Rising up through water of every colour blue you can imagine, the island paradise of the Republic of Mauritius is a volcanic island of palm-fringed beaches, coral reefs and breathtakingly beautiful lagoons. Located 2,000 kilometres off the southeast coast of Africa in the Indian Ocean, it’s famous for its luxury resorts, powdery white sands and warm, marine-life filled waters.
Discovered by the Arabs in the 9th century, it wasn’t until 1598 that Mauritius was settled by the Dutch. Densely populated, the inhabitants of Mauritius are a warm and friendly blend of ethnic groups that live, uniquely, in complete peace and harmony with each other.
A holiday in Mauritius isn’t just about relaxing on the beach – there is plenty to see and do when you’ve had enough of lying around. Its capital, Port Louis, is Africa’s wealthiest city and a bustling port with much of the action occurring on the rejuvenated waterfront. Visit the Natural History Museum for the unique opportunity to witness a skeleton of the extinct Dodo bird. Stroll through the lively Craft Market with its charming ambiance and the Port Louis Central Market, where you can sample local fruit, buy some souvenirs and delight in the exotic fragrances of Mauritian spices.

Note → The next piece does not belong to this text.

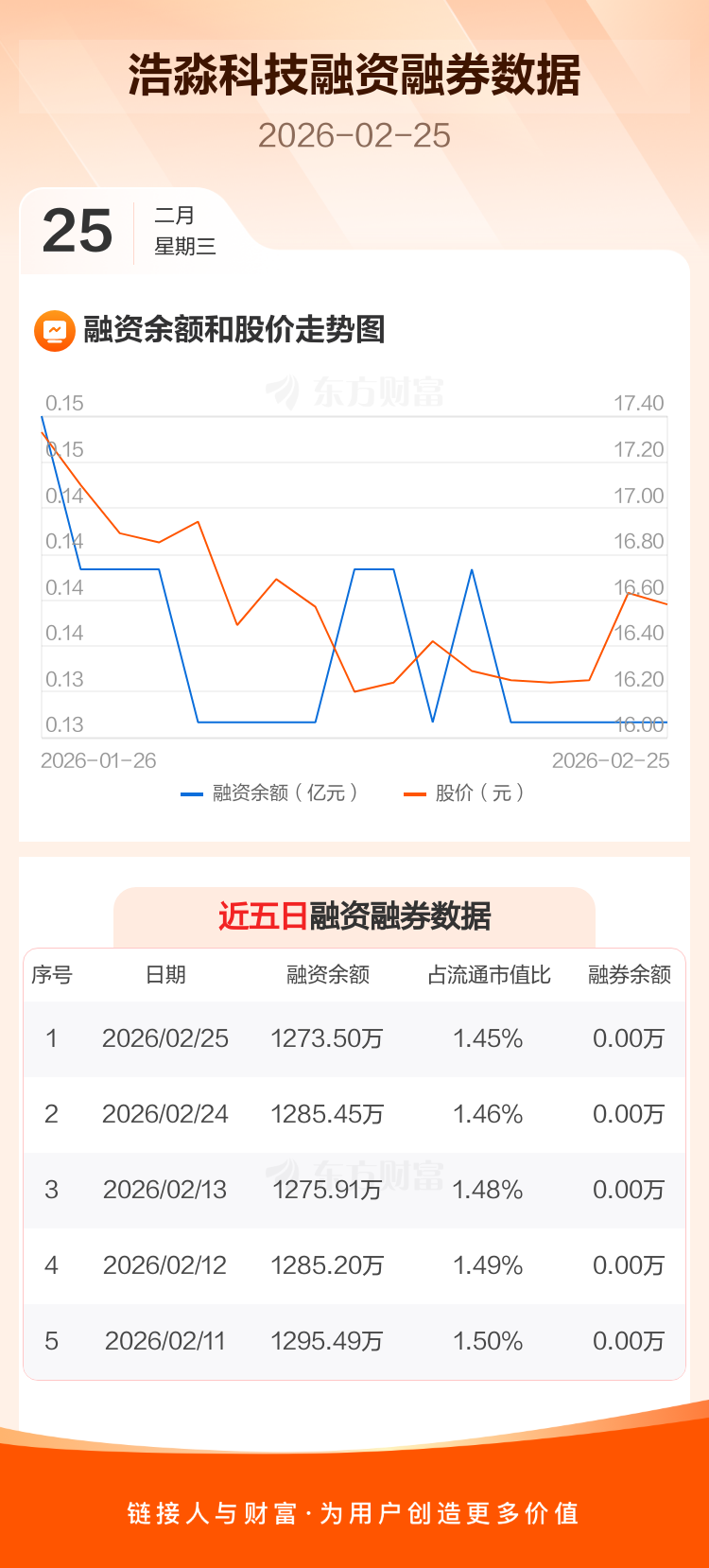 交易所最新数据显示,浩淼科技于2026年2月25日获融资买入36.74万元,融资偿还48.69万元,当日融资净偿还11.95万元。目前,该股融资余额1273.50万,占流通市值比例为1.45%。

Hike through the magnificent Black River Gorges, the largest national park in Mauritius covering approximately 2% of the island. It’s home to some of Mauritius’ endangered species and Alexandra Falls, a spectacular waterfall situated 700 metres above sea level which offers breathtaking panoramas from its viewpoint. Visit the oldest botanical garden in the southern hemisphere – the National Botanical Garden of Mauritius. Founded in 1770, it’s populated with over 650 varieties of plants including Giant Water Lilies and Baobabs.
For a magical underwater experience, you can snorkel or take a glass-bottom boat ride in the Blue Bay Marine Park. With colourful flora and fauna, the area is home to mangroves, a wide variety of fish species and more than 50 different coral species. Visit Ile aux Aigrettes Island, a tiny coral island off the coast of Mahebourg that is a protected nature conservation site and animal sanctuary.
One of Mauritius’ most popular tourist attractions is the Seven Coloured Earth of Chamarel. A small area of strikingly bare landscape that’s located in the middle of a large, dense forest, it’s a place of great geological curiosity. Appearing as large ripples across the earth, the carved hills are covered in pulverised rocks in varying shades of purple, red, brown, grey and orange. The village of Chamarel is also home to the Chamarel Waterfall, the highest waterfall on Mauritius cascading nearly 83 metres against a scenic backdrop of forest and mountains.